**DATA PROVIDED**
━━━━━━━━━━

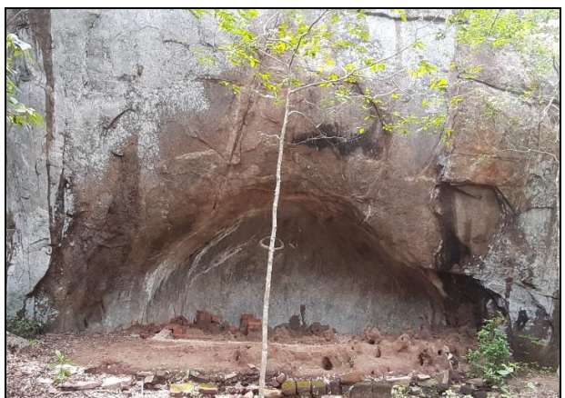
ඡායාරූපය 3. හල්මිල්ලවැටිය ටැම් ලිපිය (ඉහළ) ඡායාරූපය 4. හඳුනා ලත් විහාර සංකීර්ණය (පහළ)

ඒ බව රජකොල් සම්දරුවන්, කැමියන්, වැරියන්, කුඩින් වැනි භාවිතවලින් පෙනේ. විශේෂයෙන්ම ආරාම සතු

━━━━━━━━━━

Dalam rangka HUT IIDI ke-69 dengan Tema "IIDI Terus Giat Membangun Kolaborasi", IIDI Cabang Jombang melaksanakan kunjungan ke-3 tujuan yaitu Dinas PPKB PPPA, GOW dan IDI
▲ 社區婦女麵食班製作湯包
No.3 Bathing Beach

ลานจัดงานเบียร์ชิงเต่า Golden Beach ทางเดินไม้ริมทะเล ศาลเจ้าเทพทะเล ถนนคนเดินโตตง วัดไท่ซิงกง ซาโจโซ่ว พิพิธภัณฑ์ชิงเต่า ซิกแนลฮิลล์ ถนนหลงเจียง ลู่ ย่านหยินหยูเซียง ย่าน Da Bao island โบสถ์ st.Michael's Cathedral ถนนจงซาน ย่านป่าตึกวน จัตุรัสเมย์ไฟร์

━━━━━━━━━━

**PROBLEM REQUIREMENTS**
Note every line of the entries in which "Beach" appears, and copy it down.

**ANSWER AREA**
No.3 Bathing Beach
ลานจัดงานเบียร์ชิงเต่า Golden Beach ทางเดินไม้ริมทะเล ศาลเจ้าเทพทะเล ถนนคนเดินโตตง วัดไท่ซิงกง ซาโจโซ่ว พิพิธภัณฑ์ชิงเต่า ซิกแนลฮิลล์ ถนนหลงเจียง ลู่ ย่านหยินหยูเซียง ย่าน Da Bao island โบสถ์ st.Michael's Cathedral ถนนจงซาน ย่านป่าตึกวน จัตุรัสเมย์ไฟร์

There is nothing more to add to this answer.